How many documents to train on for naive bayes?

Question

I just created my own Naive Bayes model from scratch and trained it on 776 documents. I tried classifying the documents but it's classified the documents wrong on all three of the test documents. The category that it should have been even had the lowest of all probabilities against the other categories (this is for two of the three test documents).

Should I increase the number of training documents? I don't think it's my code because i checked the computation but I don't know, maybe the compute_numerators function is wrong somehow?? For the numerator part I used logs because of the underflow problem and summed up the probabilities of the terms and the probability of (number_of_documents_in_category/overall_number_of_documents)

Super confused and discouraged since this took me so long and now I feel like it was for nothing because it didn't even classify ONE document correctly :(

@Bob Dillon, Hi, thank you for your thorough reply. my biggest question from this was what you mean by separable.

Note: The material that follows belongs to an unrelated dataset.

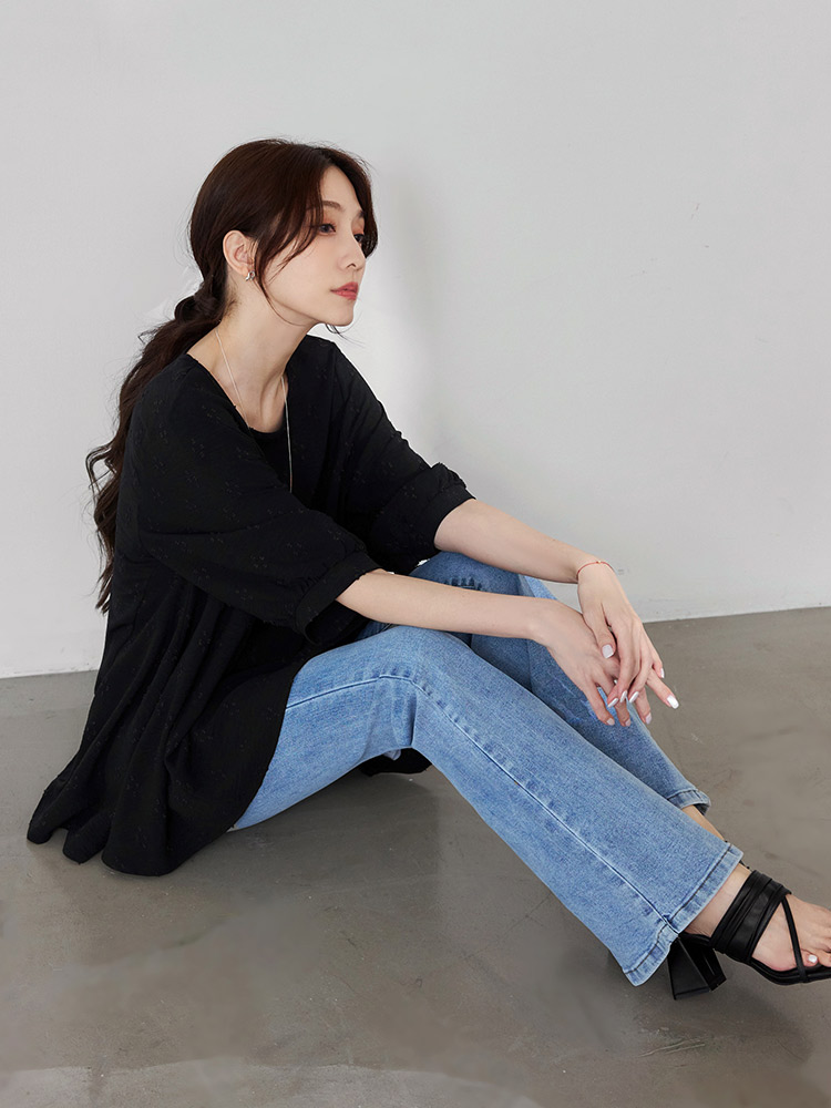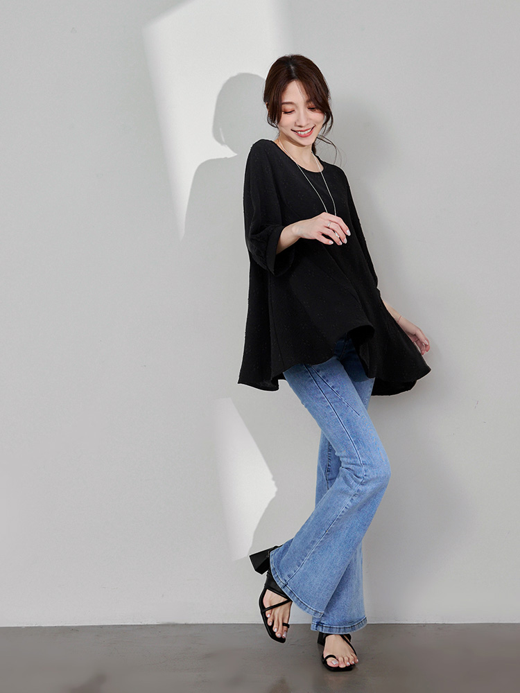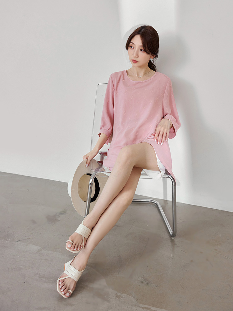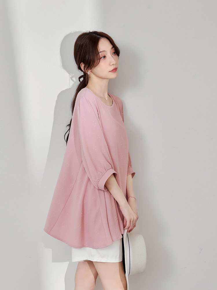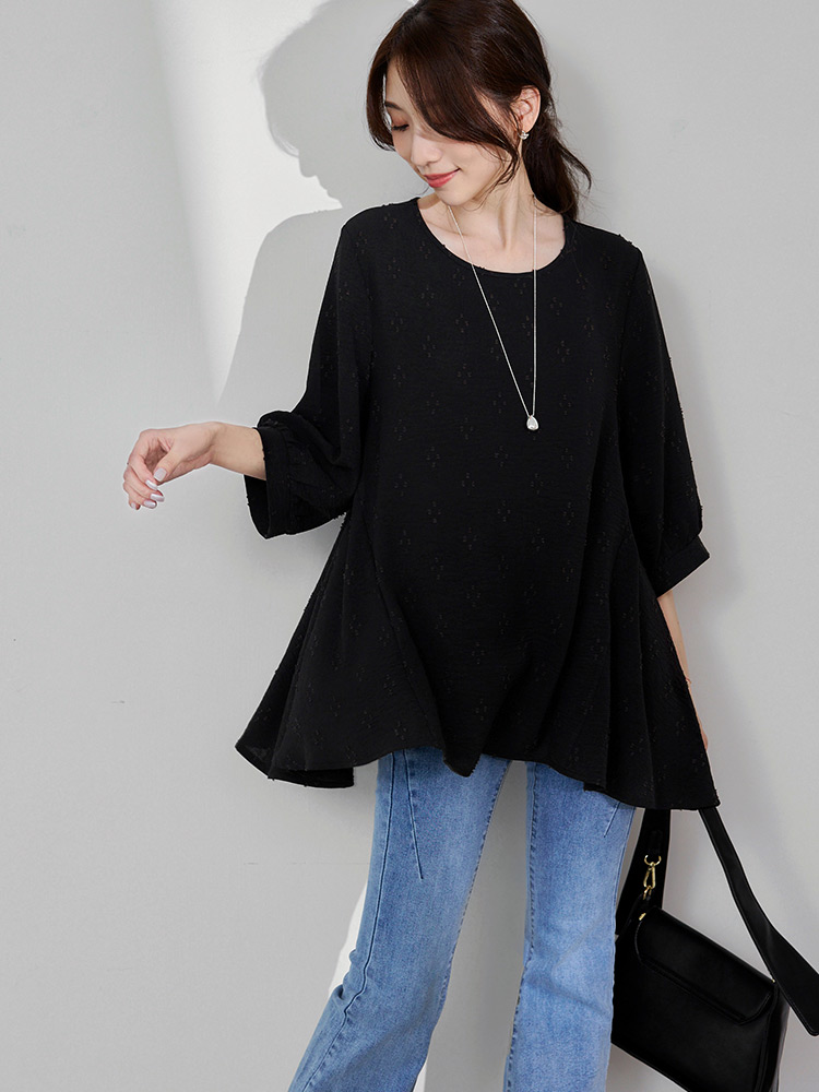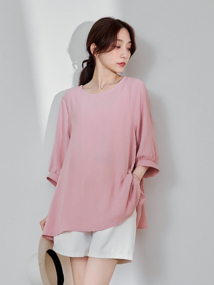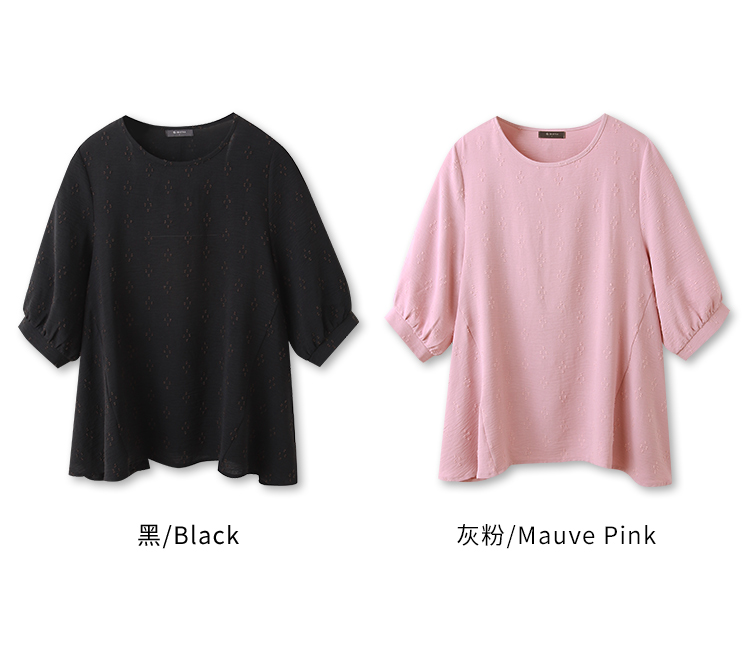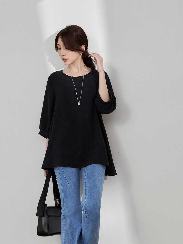 Product Feature: โ Crafted from breathable, easy-care textured fabric. โ Features a unique textured pattern. โ Designed with flattering bubble sleeves. โ Asymmetrical hemline to shape your silhouette.
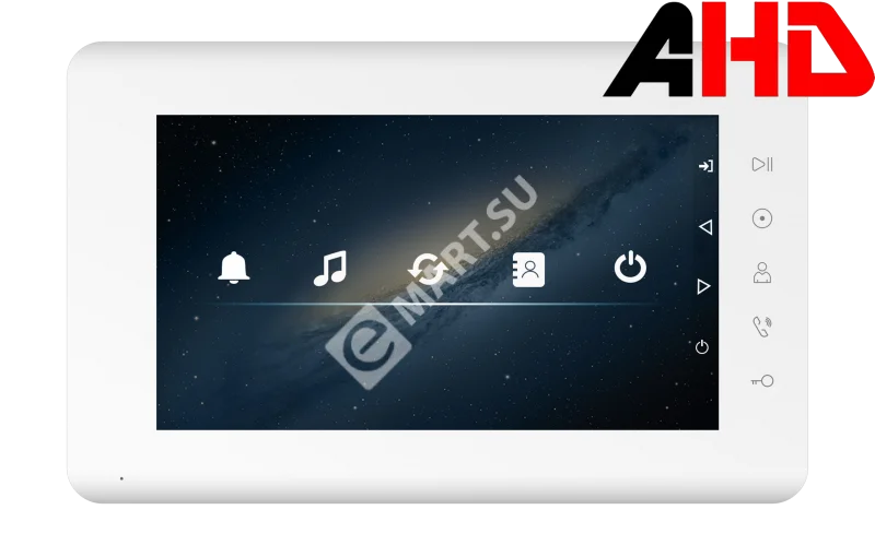 Адаптированный для цифровых подъездных систем монитор цветного видеодомофона TFT LCD 7" 800x480, AHD/CVI/TVI/CVBS, Hands-Free, 1 подъездная вызывная панель, 1 индивидуальная вызывная панель, 2 камеры. Питание 220В.

Do you mean if there is a clear distinction of the documents between the classes? I don't really know how to answer that. The data was classified by humans so the separation is possible, but maybe it's so close to other types of categories that it's getting blurred? Maybe the computer doesn't recognize a difference in the words used that are classified as one thing vs another category? I have to keep those categories, I cannot rearrange the categories, they must be as is. I am not sure how to prototype in R, wouldn't I still need to take in the text data and run it? wouldn't I still need to create a tokenization etc? I'm going to look into information gain and SVM. I will probably post back. Thanks!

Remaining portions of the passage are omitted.